There are discrepancies between who knew certain details (whether the relationship was very open; who knew if she was dying), but compared to the criminal stakes of The Imposter — or many of Errol Morris’ documentaries, including Tabloid and The Thin Blue Line — these feel strangely arbitrary and rather weightless. The interviewees discuss again and again how different their perspectives are, but the stakes of these discrepancies are too minor to justify this much feeling. Both Gulkin and Michael are compelled to write their version of the events, and Gulkin, at one point, claims that only his story will capture the truth of the matter — but, since Polley has Michael read a good portion of his own, I’m curious to how different Gulkin’s would actually be. From what I can tell, both recall the same portrait of Diane.
At one point, Polley makes clear that, when crafting Stories, she was partly motivated to prevent Gulkin from publishing his own take, as she felt it essential to include a multitude of voices instead of simply the man’s take on these events. Regardless, Stories We Tell comes to consist of these people discussing the indelible nature of truth instead of actually investigating it, never giving a sense of what’s missing from one story or another. There’s something oddly off: the family members feel slightly congratulatory about their philosophical revelations but never inquisitory. What manages to prompt them is left too ambiguous, and Polley seems so intent on revealing herself as a manipulator in the process that it overtakes any issues of fact, almost completely removed from the content at hand. Instead of letting the questions about the nature of truth develop organically out of her process, I felt as if Polley had almost forced this “nature of truth theme” onto the film.
Somewhere in this issue might be Polley’s own presence in Stories We Tell — or, lack thereof. She’s physically visible throughout, but we rarely get a sense of her own motivation and what’s been guiding her through this undertaking. She never makes clear what, as a child, her relationship to her mother was like, nor how these new stories change the way she feels. There’s a scene where her father reads an email addressed to Polley, which asks whether the documentary (and the self-questioning one about the nature of truth) is a shield to hide both her actual guilt and the confrontation of personal emotions. It almost feels like Polley is “hanging a lantern,” a term used in TV writing to point out one’s own faults as a means of justifying them. Stories We Tell never feels like the “interrogation” Polley has promised at the start, but instead a meandering search for meaning that, as it so happens, leads to the final paradox: Stories We Tell constantly tells us about the manner in which narratives refract perception and truth, but the multitude of voices don’t leave ambiguity. What they create is a cohesive story.
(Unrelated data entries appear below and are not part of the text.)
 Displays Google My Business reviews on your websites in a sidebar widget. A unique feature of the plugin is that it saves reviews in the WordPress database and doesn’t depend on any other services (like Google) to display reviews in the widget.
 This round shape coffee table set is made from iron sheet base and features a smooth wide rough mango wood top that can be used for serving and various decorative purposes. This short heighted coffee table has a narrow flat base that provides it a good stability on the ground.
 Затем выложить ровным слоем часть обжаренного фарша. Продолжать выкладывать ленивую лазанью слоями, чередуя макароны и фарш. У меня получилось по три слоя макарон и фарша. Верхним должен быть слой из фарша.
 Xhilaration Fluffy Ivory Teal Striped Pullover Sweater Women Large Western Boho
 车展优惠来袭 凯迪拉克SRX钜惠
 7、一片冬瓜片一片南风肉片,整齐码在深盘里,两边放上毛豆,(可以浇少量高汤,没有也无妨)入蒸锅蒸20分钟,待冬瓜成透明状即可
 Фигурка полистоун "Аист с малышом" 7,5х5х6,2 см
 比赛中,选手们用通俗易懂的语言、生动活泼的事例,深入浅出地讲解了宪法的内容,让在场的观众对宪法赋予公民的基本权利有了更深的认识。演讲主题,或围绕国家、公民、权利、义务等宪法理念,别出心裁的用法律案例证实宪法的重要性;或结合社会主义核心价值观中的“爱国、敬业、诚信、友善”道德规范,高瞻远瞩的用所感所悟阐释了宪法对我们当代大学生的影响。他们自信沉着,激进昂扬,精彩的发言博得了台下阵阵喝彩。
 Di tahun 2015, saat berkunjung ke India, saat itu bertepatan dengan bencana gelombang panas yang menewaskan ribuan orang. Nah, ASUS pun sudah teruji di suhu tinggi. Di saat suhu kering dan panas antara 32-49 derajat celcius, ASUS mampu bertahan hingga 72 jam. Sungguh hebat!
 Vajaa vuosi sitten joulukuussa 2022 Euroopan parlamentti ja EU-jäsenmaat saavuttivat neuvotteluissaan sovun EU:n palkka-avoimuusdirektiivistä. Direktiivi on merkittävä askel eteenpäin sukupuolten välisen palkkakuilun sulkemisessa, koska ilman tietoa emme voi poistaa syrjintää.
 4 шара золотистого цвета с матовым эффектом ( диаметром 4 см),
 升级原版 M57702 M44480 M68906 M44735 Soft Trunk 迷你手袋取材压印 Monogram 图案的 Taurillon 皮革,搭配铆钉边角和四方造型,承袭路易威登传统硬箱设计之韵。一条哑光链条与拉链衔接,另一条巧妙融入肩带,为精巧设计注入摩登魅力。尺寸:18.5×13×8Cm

Perhaps my issues with Stories We Tell come down to the film’s valuing of feelings over actual facts — that the differences are less what happens than how we feel about these people and their lives. While the film portends great themes about narrative, truth, and cinema, it is really Polley’s personal attempt to work through the relationship with a mother she never truly got to know — a desire so strong that she feels compelled to create her own Super 8 memories of her. The emotional core of Stories We Tell develops out of one’s inability to tell the past, but I would argue that the content she presents never reflects truth. Polley, to her absolute credit, is a very clear and concise storyteller, but perhaps not one fit for the lofty themes her film aspires toward.